This summer, Adamson, who was ultimately defrocked and now resides in Rochester, Minn., was deposed once again by Anderson. He has admitted to sexually abusing more than a dozen boys at various parishes from shortly after he was ordained in the late 1950s through the early 1980s.
In the videotaped deposition, Adamson is shown sipping a diet soda as he nonchalantly acknowledges molesting kids.
"I looked at it more as a sin than a crime," Adamson said, pretty much echoing how the church has until recently looked upon such misconduct by its priests.
AT LAST, HEARTFELT EMBRACES
But Monday was a day to look forward instead of backward.
Anderson, flanked by Cozzens, Lachowitzer, two survivors and others, spoke about a 17-point child protection plan the church has pledged to follow. It essentially ranges from notifying law enforcement when an allegation is made to continuing a church policy "prohibiting employees and volunteers from being alone with any unrelated minor while serving as an employee or volunteer of the archdiocese or a parish, subject to common sense exceptions."
Cozzens publicly apologized on behalf of the church. Lachowitzer, whom several insiders and outsiders credit with bringing a reformist streak to the issue of clergy abuse when he assumed his post in November, spoke about the church's renewed commitment to healing and to justice.

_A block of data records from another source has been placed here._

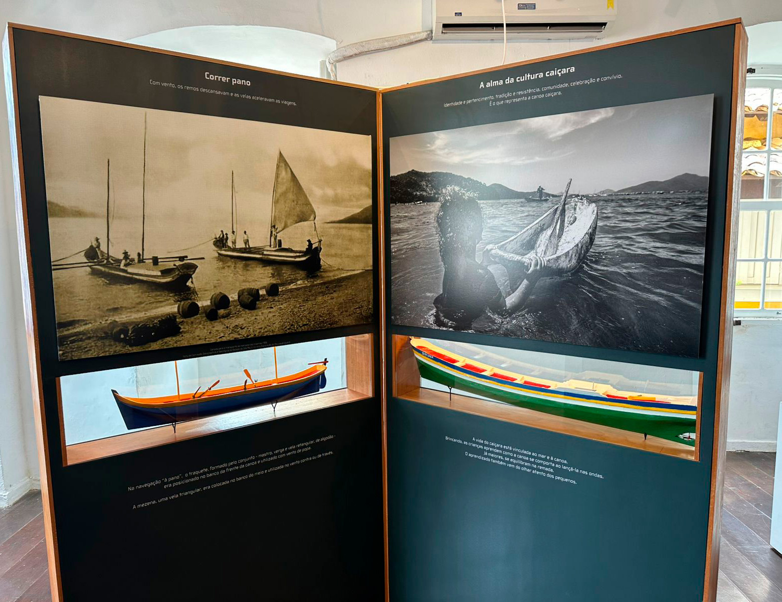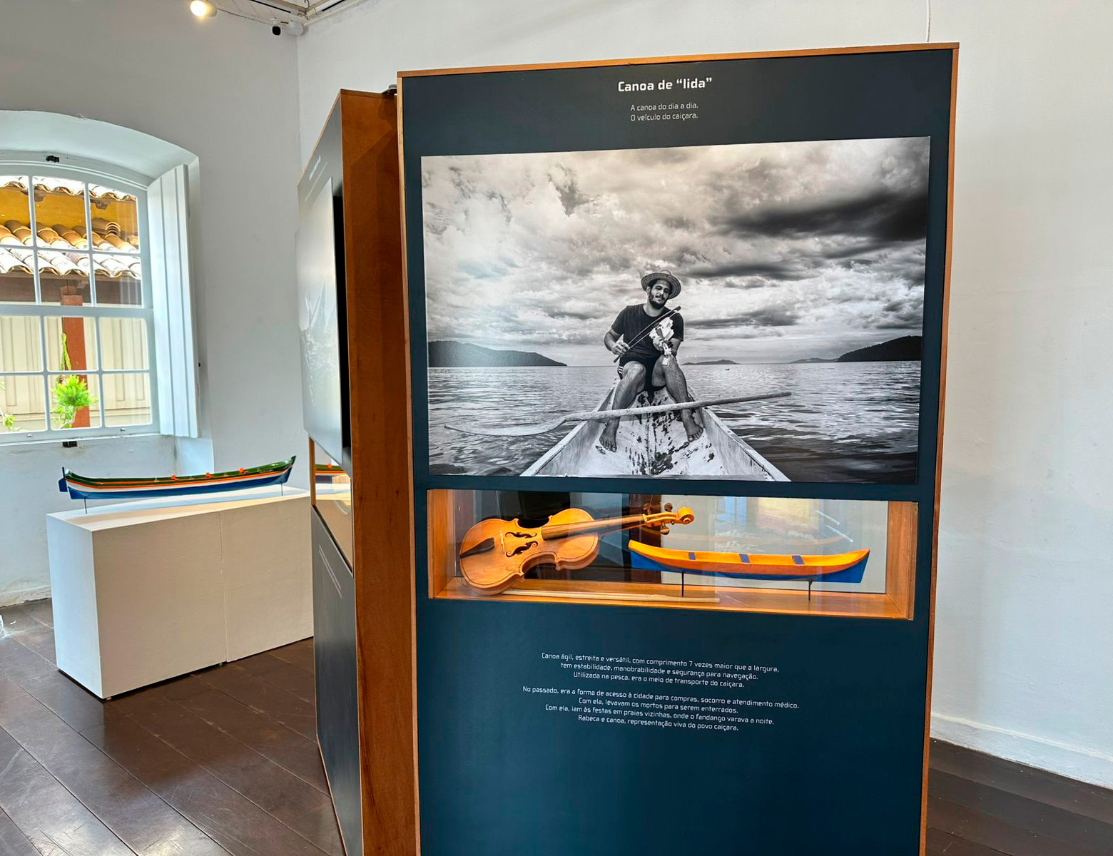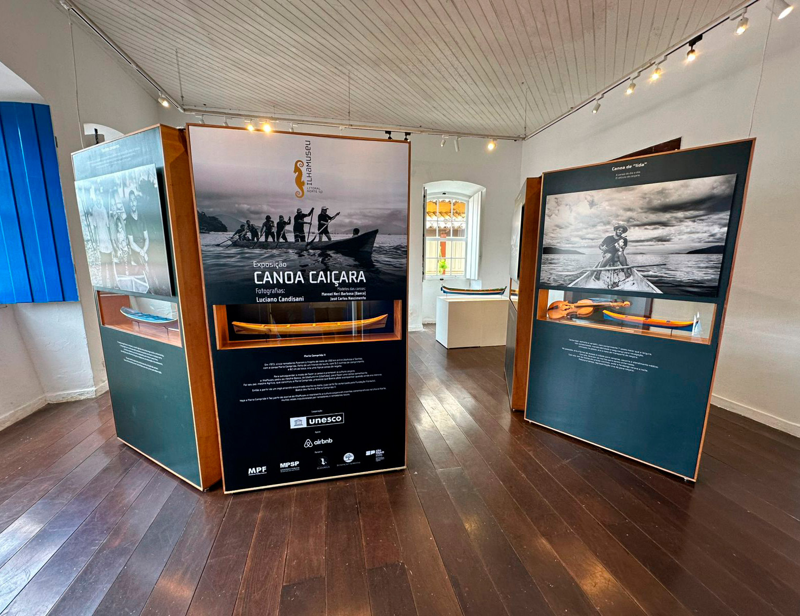A exposição, que posteriormente será incorporada à expografia da IlhaMuseu, apresenta diferentes tipos de embarcações caiçaras, como a histórica 'Maria Comprida II' (canoa de regata), as imponentes canoas de voga utilizadas no transporte de cargas, as versáteis canoas de lida do cotidiano, os robustos batelões destinados às grandes redes de pesca, as engenhosas canoas bordadas para mares mais bravios e as esguias canoas de regata ou corrida. Todas expressam a identidade, a tradição e a resistência do povo caiçara.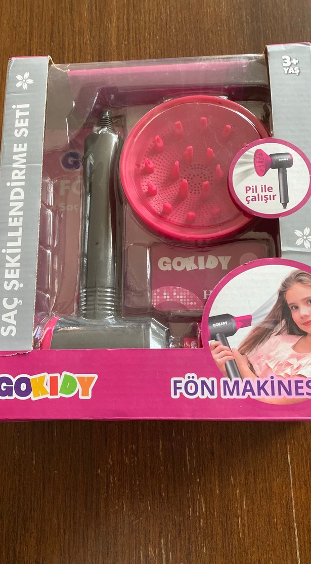 Pembe saç kurutma makinesi ve şekillendirme aparatı içeren set, pil ile çalışır. İki tane hediye geldiği için biri satışta sıfır ürün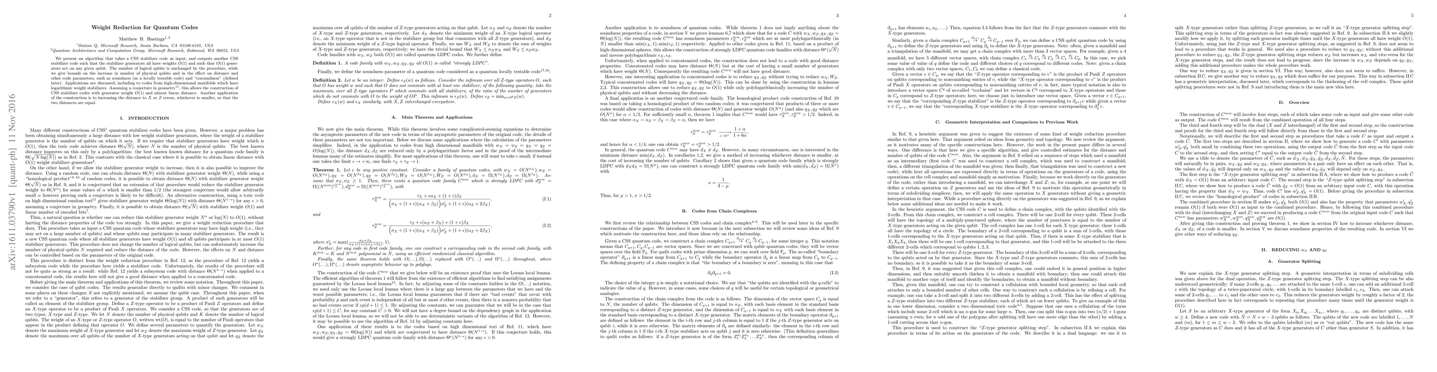 We present an algorithm that takes a CSS stabilizer code as input, and outputs another CSS stabilizer code such that the stabilizer generators all have weights $O(1)$ and such that $O(1)$ generators act on any given qubit. The number of logical qubits is unchanged by the procedure, while we give bounds on the increase in number of physical qubits and in the effect on distance and other code parameters, such as soundness (as a locally testable code) and "cosoundness" (defined later). Applications are discussed, including to codes from high-dimensional manifolds which have logarithmic weight stabilizers. Assuming a conjecture in geometry\cite{hdm}, this allows the construction of CSS stabilizer codes with generator weight $O(1)$ and almost linear distance. Another application of the construction is to increasing the distance to $X$ or $Z$ errors, whichever is smaller, so that the two distances are equal.
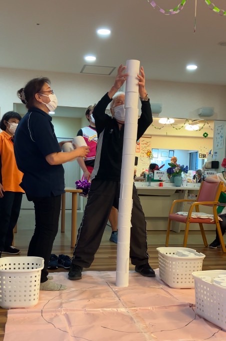 思いのほか高いところで止まってしまい ボールを受け取れない入居者様が続出。

"I invite all of us to work together, to be the eyes and be the ears and the voices for the safety of all of our children wherever they may be," he said. "I pray that the darkness of the past be overcome by the light of this new day."
Anderson heaped praise on many present in the room. He thanked Jennifer Haselberger, the former chancellor for canonical affairs who a year ago bared the archdiocese's mishandling of recent priest abuse cases. He praised Charlie Rogers, a lawyer working for the archdiocese who pushed for the settlement and the plan. He praised state Rep. Steve Simon, DFL-Hopkins, who authored the child-victim bill.
But he mostly praised the group of former child abuse survivors in the room, men now in middle age and older who lined up at one point to receive heartfelt handshakes and embraces from Cozzens and Lachowitzer.
"It was your willingness to share your secret, it was your willingness to take action for the sake of other kids that caused ... hundreds of others to come forward," Anderson said.
One of them was Al Michaud, who 37 years ago was abused by another Twin Cities priest.
"This landmark case is truly for the survivors of clergy abuse," he said. "This settlement and this framework give survivors what we have wanted all along: as a way to come forward without being shamed, judged and dismissed, and I hope this is a fresh start for survivors.
"And no longer will we be ridiculed or challenged and beaten down by the church because the church is no longer our enemies," he added. "They are our allies."
He admitted he is skeptical, "but I hope that everything that I am hearing today is true."